It seems we ranchers and rural people meet too often to celebrate the life of one of ours who has passed on.
Twice this fall, at least this has happened.
When Eric Reay passed the church hall was jam packed with friends and relatives who gathered to remember his commitment to this country which spanned at least six decades.
As a young man he came from Great Britain looking for a “better” life.
He became a Cariboo cowboy and then, after a lot of hard work and saving, he was able to purchase his own place at Meldrum Creek.
He instilled in his children the love of the ranch life.
His own love of the life showed in abundance as he attracted and kept many, many friends in the community.

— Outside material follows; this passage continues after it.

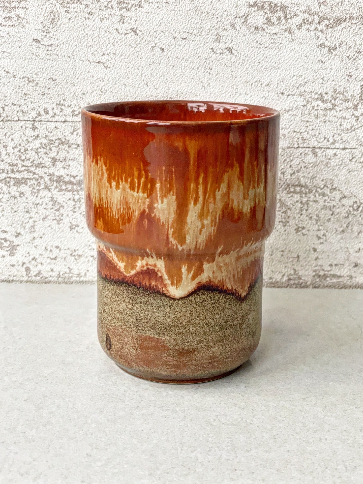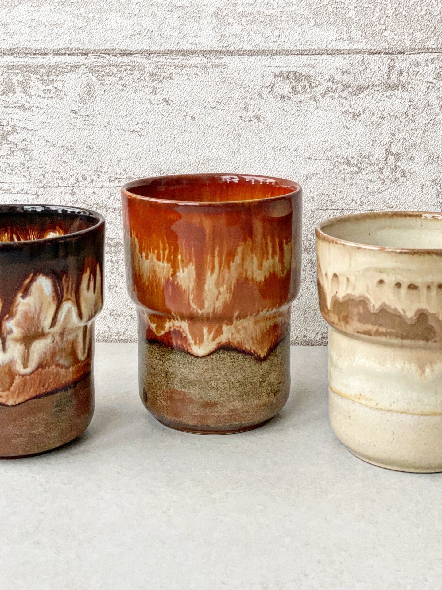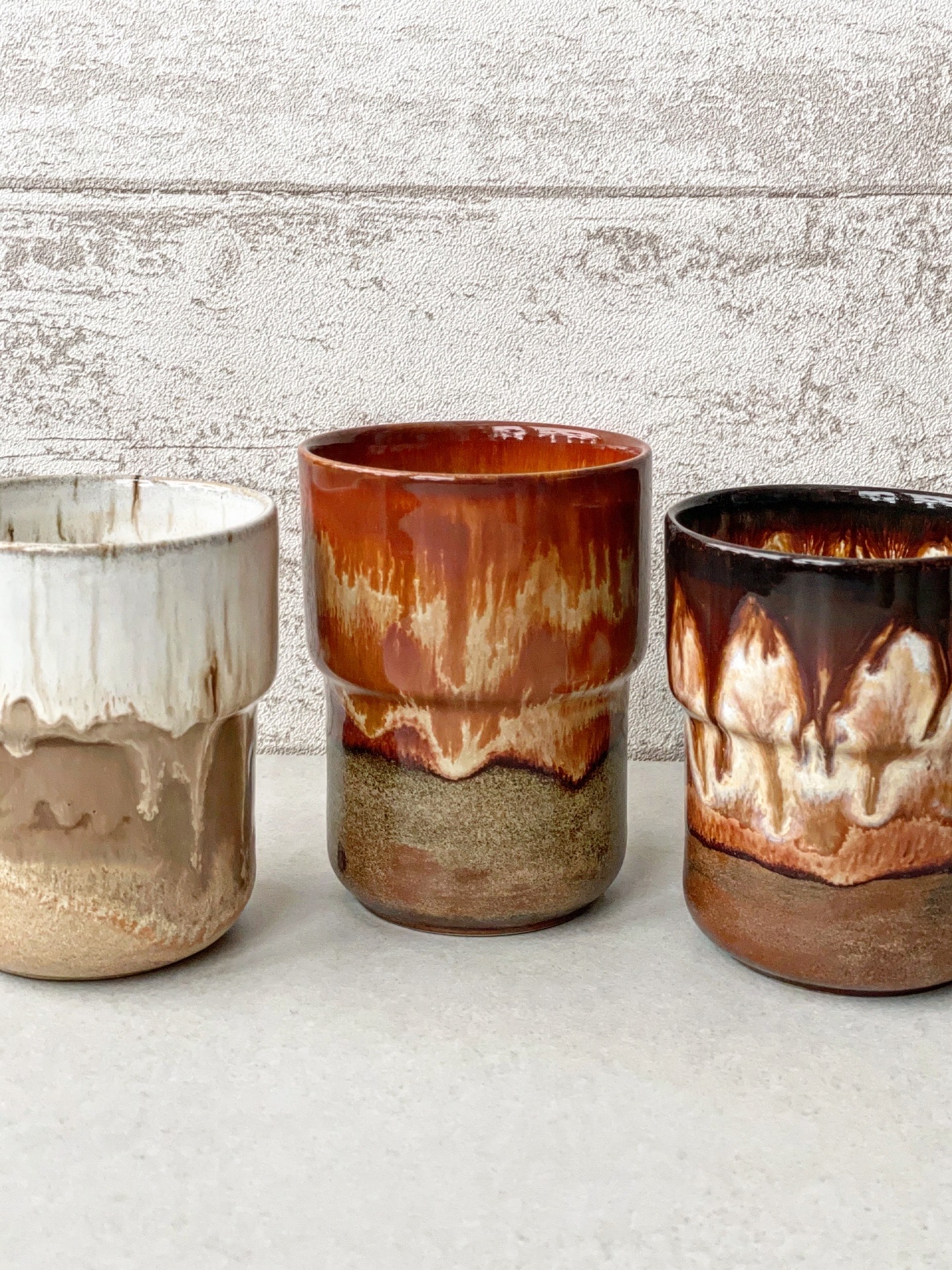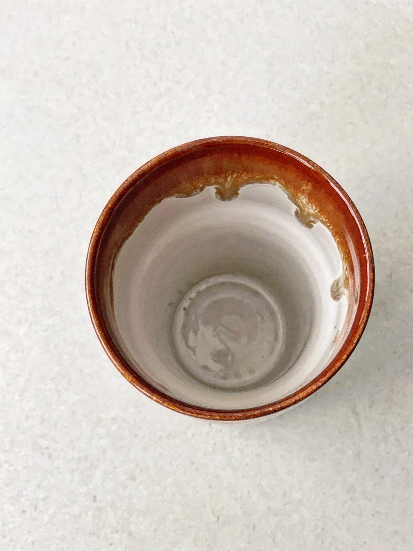 Kubek bez ucha, wykonany ręcznie na kole z jasnej gliny.

The most fitting tribute to a person is when people show up in droves at your memorial service. It is as if to say “thanks” for being a friend.
It is the most valuable measure of a person’s worth and personality style for the room to be full.
I am sure I speak for many when I say I enjoyed every conversation with him. He was positive in the face of the adverse time that ranching has endured.
It was always pleasurable to be in his company whether it was at a Cattlemen’s meeting or a social event.
Thank you Eric for the time you spent as a leader in the industry working with your fellow cattlemen to make life better for us all.
Then just last week at the Chilancoh Ranch Hugh Bayliff’s life was celebrated.
His life was shortened by lifelong illness and a recent accident.
The shop at the five generation family ranch was full for the service. Another pillar of industry, Hugh was an innovator and a leader.
Part of his legacy is the Thompson Rivers University Ranching Program.
It was Hugh’s words to those of us gathered at their ranch at the end of several pasture walks one week in early June a few years back that kindled an inspiration.
Hugh said that Cariboo Cattlemen should ask the University to set up an Olds (Alberta) — like agriculture program based in the Cariboo.
He wanted to see soils as the basis of the course and that is a work in progress.
Hugh has been active following in his father’s footsteps, as a leader in the industry.
We are indebted to him. His lovely partner Hellen is now following his footsteps.
Fortunately Hugh had some inspiring learning at a soil and grazing conference when in Alberta.
He was also able to reconnect with former Olds classmates.
Such was his way: live life as fully as you can, open to learning as you go.
Rest now, both of you, Eric and Hugh. We are richer for your contributions to the community.
We must hope others will follow your example. I know I will try.
David Zirnhelt is a rancher and member of the Cariboo Cattlemen’s Association. He is also chair of the Advisory Committee for the Applied Sustainable Ranching Program at TRU.